The IIoT's highly automated and universally networked production flows characterized by machine-to-machine interaction depend on machine vision to reliably identify a wide range of objects in the flow of goods within factories and the rest of the process chain. Machine vision increases the efficiency and safety of these workflows, and has become an indispensable tool for engineers seeking to automate and speed up production.

Today, innovative machine learning and deep learning processes can ensure even more robust recognition rates. Thanks to such advances in artificial intelligence, companies can benefit from a higher degree of automation, much greater productivity, and more reliable identification, allocation, and handling of a wider range of objects throughout the entire value chain.

As the "eye of production," machine vision software has become an essential element of the technology, processing unstructured data such as digital images and video generated by cameras to identify objects by their external optical features alone.
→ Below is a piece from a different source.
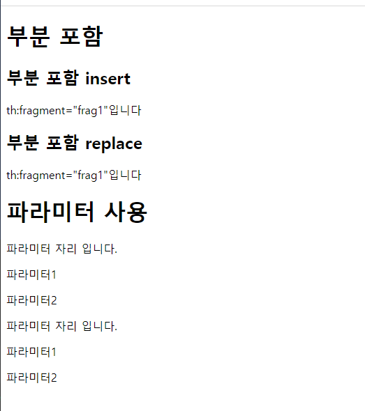 <footer th:fragment="fragParam (param1,param2)"> //()를 이용해 조각에 파라미터 부여 가능
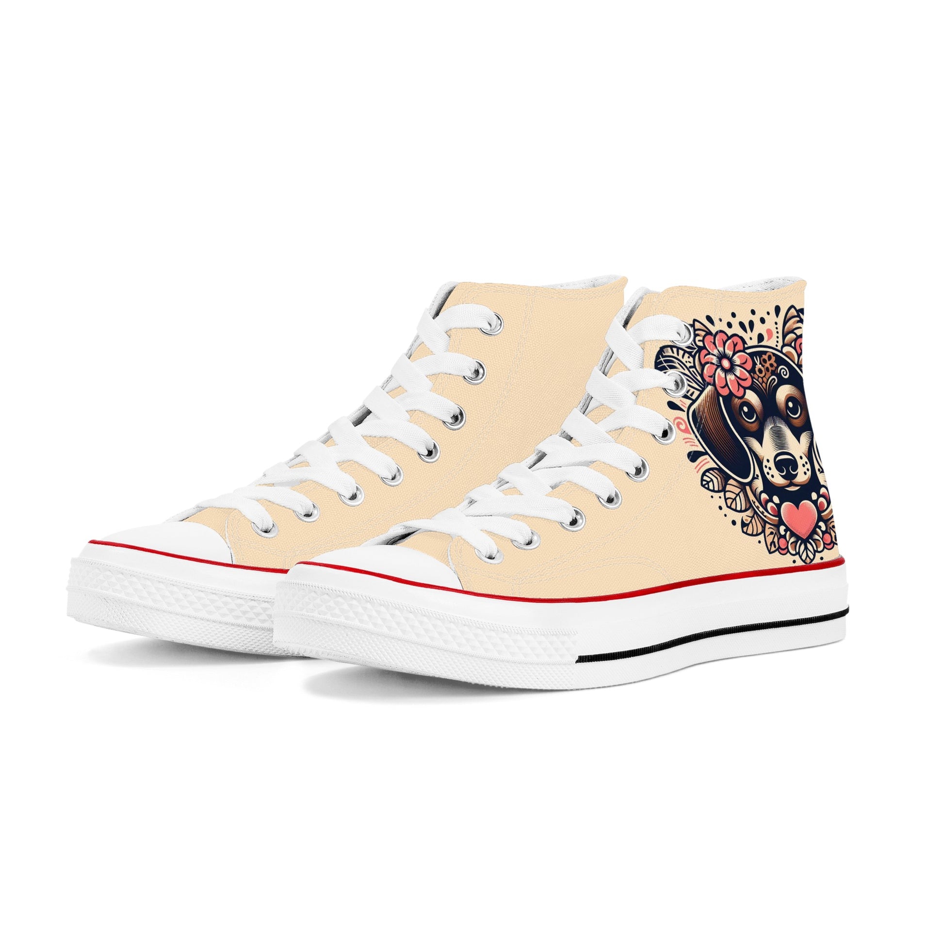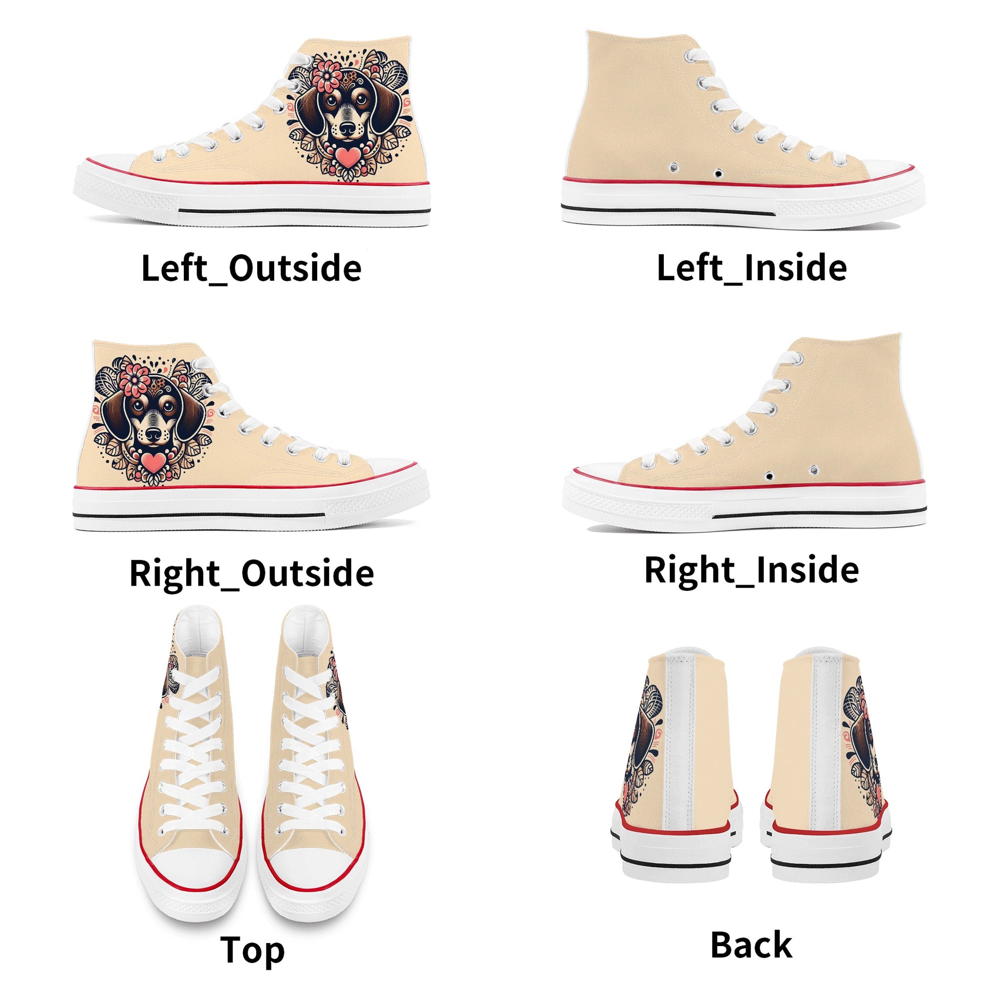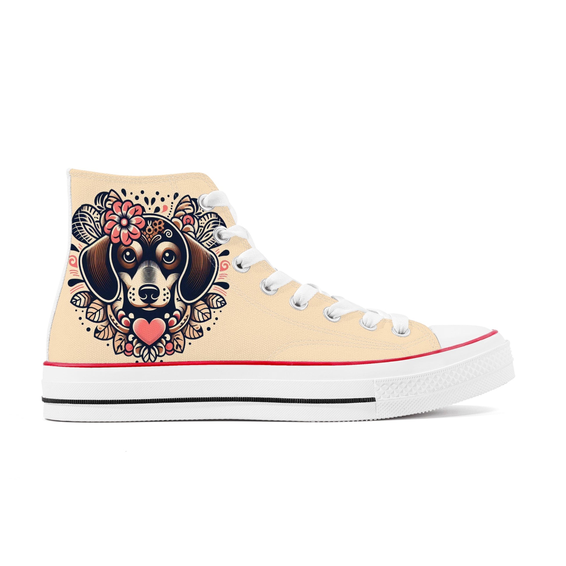 Si te encantan los perros salchicha, los perros encantadores y leales con cuerpos largos y patas cortas, te encantarán estos zapatos personalizados con estampado integral que presentan un divertido diseño de perro salchicha.

Such software works very fast and achieves extremely high and reliable identification rates, and consequently, is used across industries for a wide range of tasks such as fault inspection, workpiece positioning and the automatic handling of objects in robotics.

Analyze and evaluate large data sets

In an effort to make the identification process even more robust and adaptable to the requirements of flexible and networked IIoT processes, machine vision software developers increasingly rely on methods from the field of artificial intelligence (AI). Deep learning is an area of machine learning that enables computers to be trained and learn through architectures such as convolutional neural networks (CNNs).

The special attribute of AI, machine-learning and deep-learning technologies is that they comprehensively analyze and evaluate large amounts of data (big data) in order to train many different classes and thereby more effectively distinguish between objects. Increasingly, this data is generated within the IIoT. This can be digital image information as well as data from sensors, scanners, and other process components.

Methods such as deep-learning technologies and convolutional neural networks (CNNs) from the field of artificial intelligence (AI) are entering machine vision to help image-processing systems learn and distinguish between defects and make identification processes even more precise.

In order to use deep learning, CNNs must first be trained. This training process relates to certain external features that are typical of the object, such as color, shape, texture, and surface structure. The objects are divided into different classes based on these properties to allocate them more precisely later.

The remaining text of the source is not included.